In October, high school teacher Edward R. Kotwica committed suicide by walking in front of a train in Bergen County hours after he was charged with fondling a 17-year-old female student. Two weeks later, piano teacher Samuel S. Aster, 59, hanged himself in Teaneck; he had been charged with molesting seven of his young students. Less than a month later, Adam Victor Reed, 53, a former board of education member in Monmouth County, was arrested and charged with possession of 12 boxes of child pornography.

-- A 45-year-old man was identified by police in February as the one who had recently taped as many as 100 vials of water to trees in Milwaukee and suburbs (though at press time, he had not been charged with a crime). He told police that he was testing the frequencies of radio stations because one of them had been bombarding him with signals. Though he did not explain the role of the vials, he vowed to send the test results to the FCC. The man's son, 17, said he was a good father but that sometimes he neglects his medication.
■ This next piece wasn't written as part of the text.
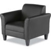Classic, simple lines complement any lounge or reception environment. Soft touch leather upholstery for comfort and style. Black wood pyramid legs. Recommended Applications: Guest, Reception, Waiting Room & Lounge; Seat/Back Color: Black; Arms Included: Yes. Compliance Standards: GREENGUARD Indoor Air Quality Certified; Meets or exceeds ANSI/BIFMA standards.

-- Joseph Sherer, 41, was arraigned in Bozeman, Mont., in January on 11 felony charges, including aggravated assault and impersonating a physician, stemming from what police believe were from 40 to 200 phone calls he made from his Sunrise, Fla., home to women in Montana, advising them to perform harmful procedures on themselves (such as persuading one woman to cut off a nipple and flush it down the toilet). According to police, Sherer had episodes of similar, but not as dangerous, phone calls in other cities in the 1980s.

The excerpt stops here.